--- Exercise goal ---
Below are records with pictures; copy word for word only the lines between the line with "- Marca: Dremax" and the line with "300+ Gram Heavy", inclusive, and drop the pictures.

Start of Block

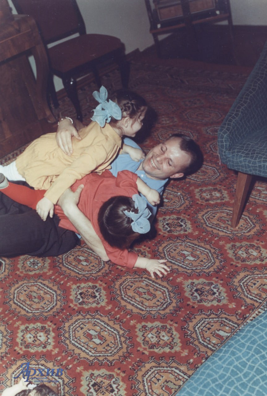 На фото: Первый космонавт планеты Земля Ю.А.Гагарин в своей квартире, играет с дочерями Леной (слева) и Галей (1); Первый космонавт планеты Земля, Герой Советского Союза, лётчик-космонавт СССР, майор Ю.А.Гагарин перед одной из своих многочисленных встреч (2); Первый космонавт планеты Земля Ю.А.Гагарин на одной из бензозаправок в Московской области (3); Первый космонавт планеты Земля Ю.А.Гагарин и его жена В.И.Гагарина с младшей дочкой Галиной на отдыхе (4); Первый космонавт планеты Земля Ю.А.Гагарин и его жена В.И.Гагарина, на территории Зелёного городка (5).
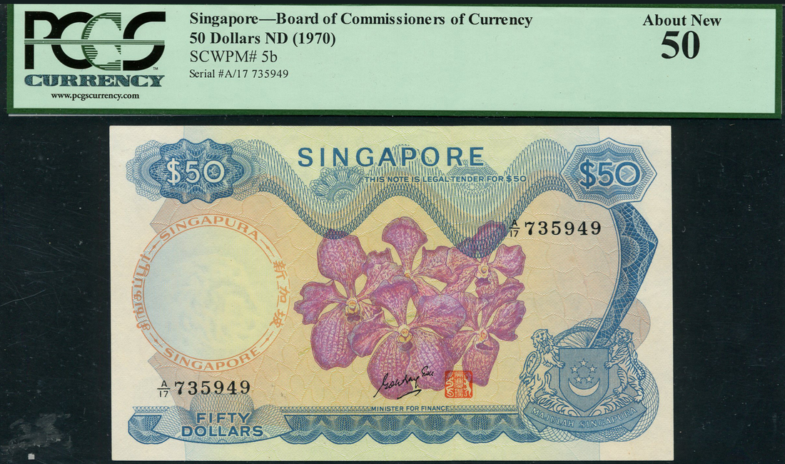 (x) Board of Commissioners of Currency, Singapore, $50, ND (1970), serial number A/17 735949, turquoise, purple and multicolour, Vanda Rothschildiana orchid at centre, arms at low right
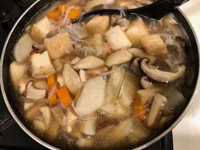 これでもかと根菜、きのこを入れて、芋煮風に。お肉の代わりに鮭を入れました。
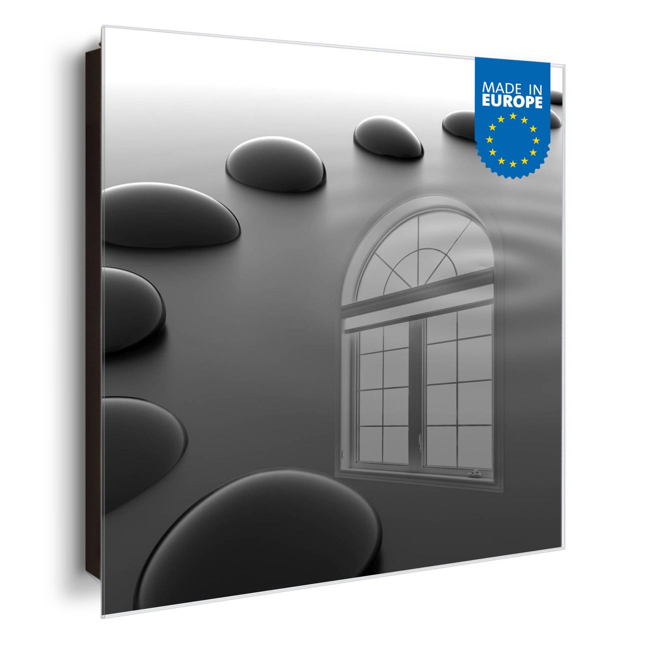 Bringe Ordnung und Eleganz in deinen Eingangsbereich mit dem banjado Schlüsselkasten Motiv Motiv Schwarze Steine. Die moderne Schlüsselbox kombiniert funktionales Design mit hochwertiger Verarbeitung und wird so zu einem echten Hingucker in Flur, Büro oder Ferienwohnung. ✅ Stilvolle Schlüsselaufbewahrung mit Glasfront im Motiv Motiv Schwarze Steine Der Design-Schlüsselkasten Motiv Motiv Schwarze Steine bietet Platz für bis zu 50 Schlüssel, die auf 5 stabilen Reihen mit je 10 Haken übersichtlich verstaut werden. Mit seinen kompakten Maßen von 30 x 30 x 5 cm passt die Schlüsselbox perfekt auch in kleinere Räume. Der schwarz lackierte Stahlkorpus mit rechts angeschlagenem Türscharnier harmoniert mit der Glasfront und fügt sich nahtlos in jedes Wohnambiente ein. Ob als Schlüsselorganizer für Zuhause oder als praktische Lösung für Büros, Praxen und Gewerbe, der banjado Schlüsselkasten sorgt für Ordnung und Übersicht. Dank der magnetischen, mit Kreidestiften beschreibbaren Glasfront kannst du Notizen anheften oder Termine direkt auf der Oberfläche festhalten. Die Schlüsselbox Motiv Motiv Schwarze Steine zur Wandmontage wird inklusive Befestigungsmaterial geliefert und ist schnell angebracht. So hast du deine Schlüssel jederzeit griffbereit und zugleich stilvoll verstaut. Mit diesem banjado Schlüsselkasten Motiv Motiv Schwarze Steine kombinierst du praktische Aufbewahrung mit stilvollem Wohndesign. Ob privat oder geschäftlich, die Schlüsselbox sorgt für mehr Ordnung, Übersicht und ein wohnliches Ambiente.Vorteile im Überblick
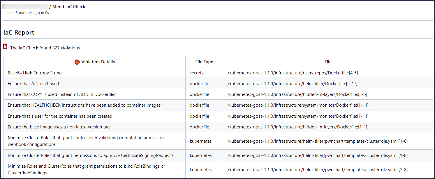 Once the Mend for GitHub Enterprise IaC scan is completed, the Mend IaC Check is updated with an IaC Report that provides an overview of the IaC violations found:
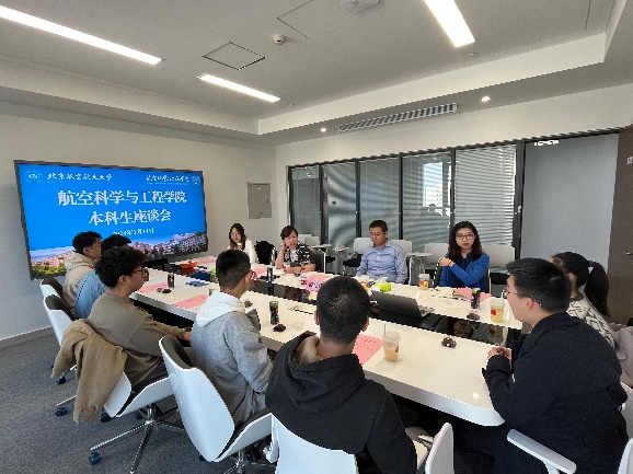 鲍蕊书记指出,学院始终坚持以学生为中心的发展理念,将优秀学生作为最重要的财富,鼓励同学们积极通过座谈会等各种渠道提出意见与建议,帮助学院共同解决大家关心关注的问题。她鼓励大家积极完成身份意识的转变,从被动式学习变为主动式探索,充分发挥个人主观能动性,利用好学院提供的各类平台与资源。最后,鲍蕊书记鼓励同学们要坚定信念、积极主动,提升本领、做出贡献,以实际行动践行以空天报国为内核的北航精神,学院将永远做大家最坚强的后盾。
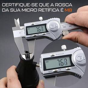 - Marca: Dremax - Referência: MD018 - Para micro Retíficas com Rosca Curta M8 - Mandril ajustável de 0,8mm 1/32 Pol. a 3,2mm 1/8 de polegada - Rosca M8 - Diâmetro aproximado da rosca das micro retíficas compatíveis: 7.6 a 8mm - Passo da rosca: 0,75mm - Dimensões detalhadas: verifique nas fotos do produto - Resistente e durável - Garantia: 90 dias contra defeitos de fabricação
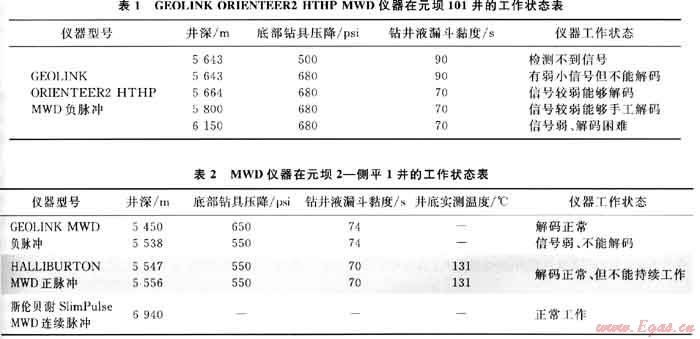 2) 川t東北工區(qū)的實踐表明:普通的HALLIBURTON MWD儀器的工作環(huán)境溫度不宜超過130℃;GEOLINK ORIENTEER2 HTHP儀器可適應更高的溫度和壓力,但必須要求有足夠的底部鉆具壓降,當其應用于井深超過6000m的井時,底部鉆具壓降應在800psi以上且鉆井液漏斗黏度不宜大于70s。
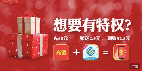 你的話費還是充50元到賬50元?No!今天給您送特權!
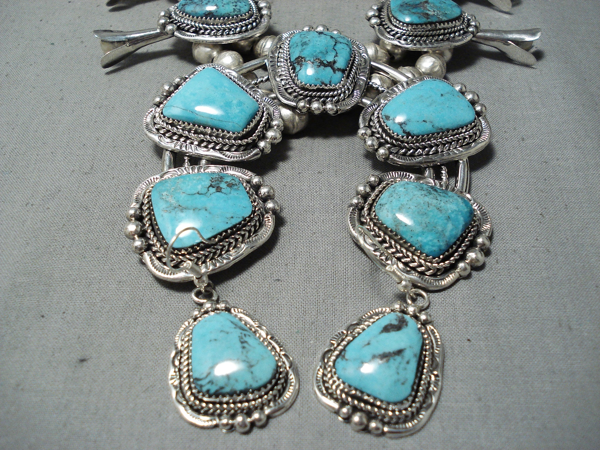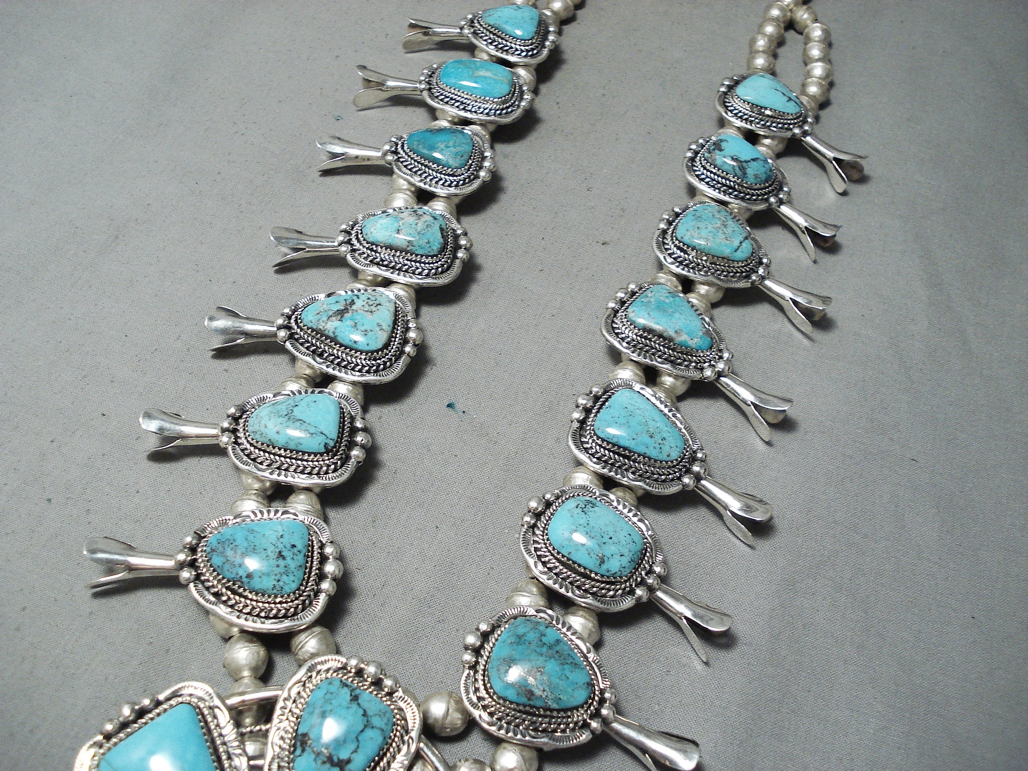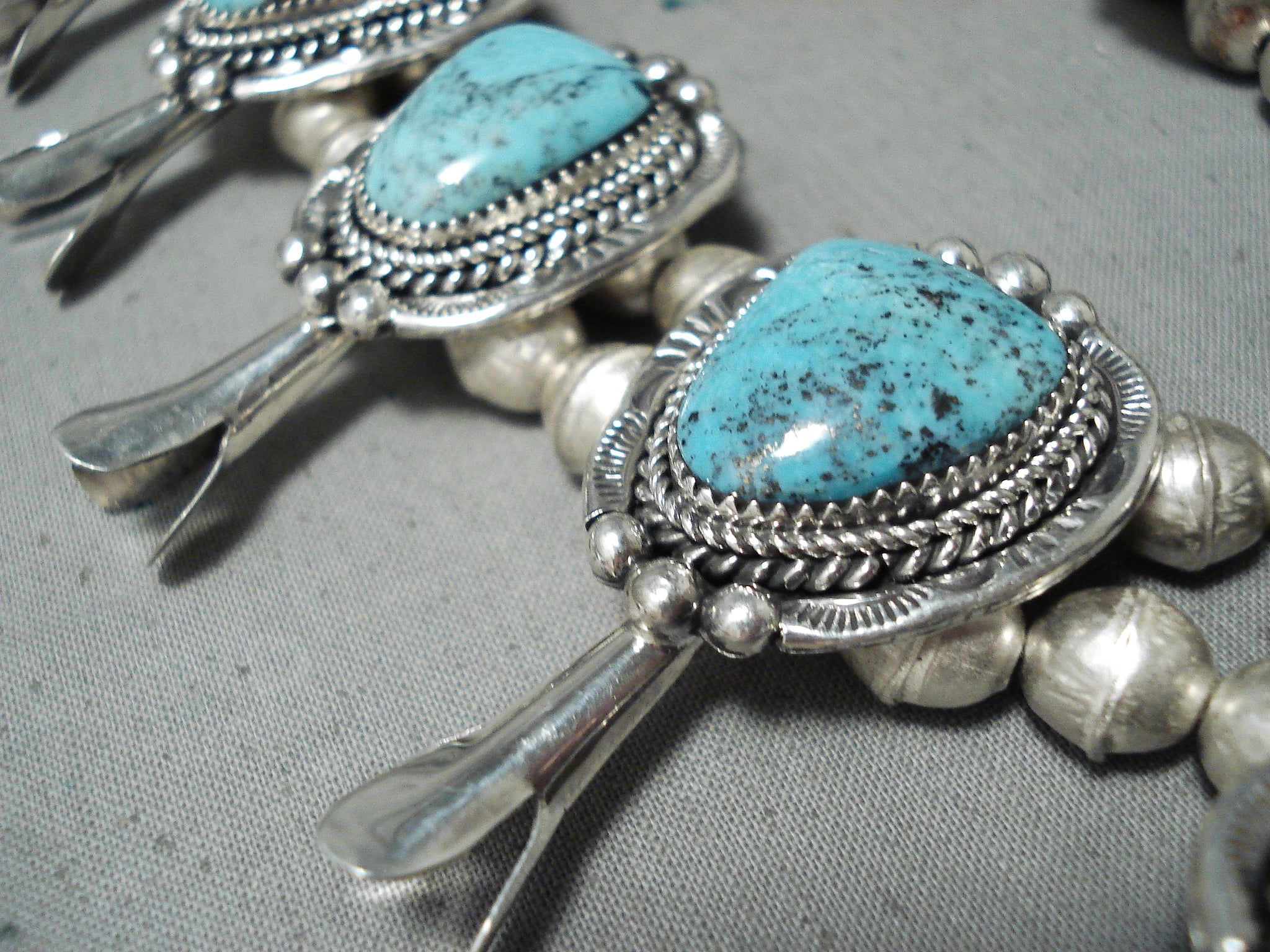 300+ Gram Heavy Vintage Native American Navajo Turquoise Sterling Silver Squash Blossom Necklace
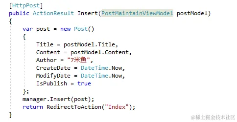ASP.NET MVC的模型绑定功能的作用是将Http请求中的数据映射到MVC的Action方法的参数上,上面介绍的内容就是利用MVC的模型绑定功能,将在HTML表单中填写的数据映射到Insert方法的PostMaintainViewModel类型参数上。
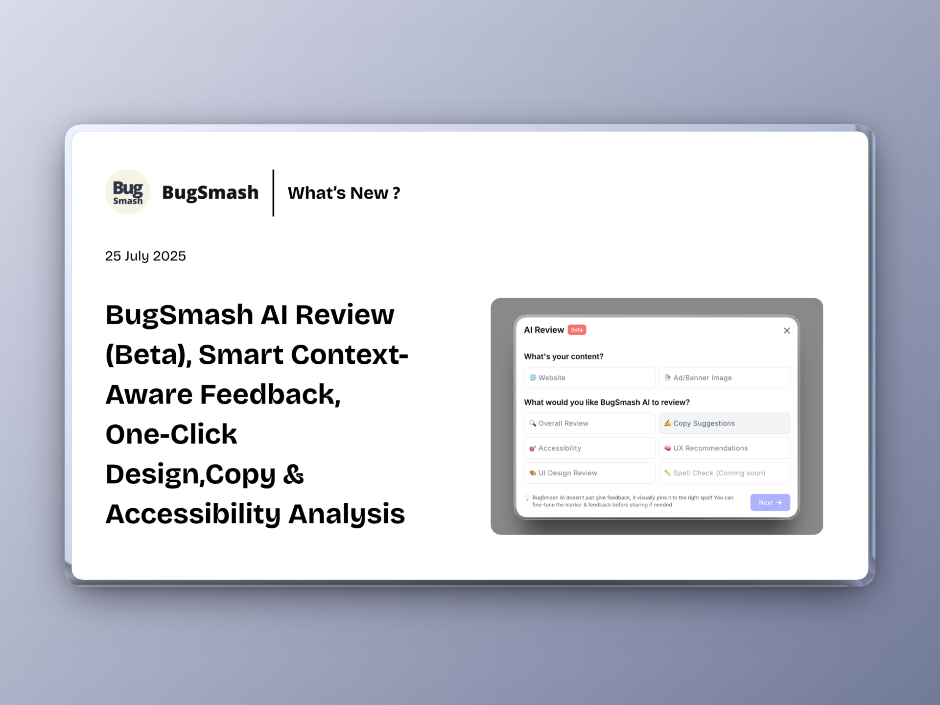 BugSmash AI Review (Beta), Smart Context-Aware Feedback, One-Click Design/Copy/Accessibility Analysis

End of Block

--- Completed exercise ---
 - Marca: Dremax - Referência: MD018 - Para micro Retíficas com Rosca Curta M8 - Mandril ajustável de 0,8mm 1/32 Pol. a 3,2mm 1/8 de polegada - Rosca M8 - Diâmetro aproximado da rosca das micro retíficas compatíveis: 7.6 a 8mm - Passo da rosca: 0,75mm - Dimensões detalhadas: verifique nas fotos do produto - Resistente e durável - Garantia: 90 dias contra defeitos de fabricação
 2) 川t東北工區(qū)的實踐表明:普通的HALLIBURTON MWD儀器的工作環(huán)境溫度不宜超過130℃;GEOLINK ORIENTEER2 HTHP儀器可適應更高的溫度和壓力,但必須要求有足夠的底部鉆具壓降,當其應用于井深超過6000m的井時,底部鉆具壓降應在800psi以上且鉆井液漏斗黏度不宜大于70s。
 你的話費還是充50元到賬50元?No!今天給您送特權!
 300+ Gram Heavy Vintage Native American Navajo Turquoise Sterling Silver Squash Blossom Necklace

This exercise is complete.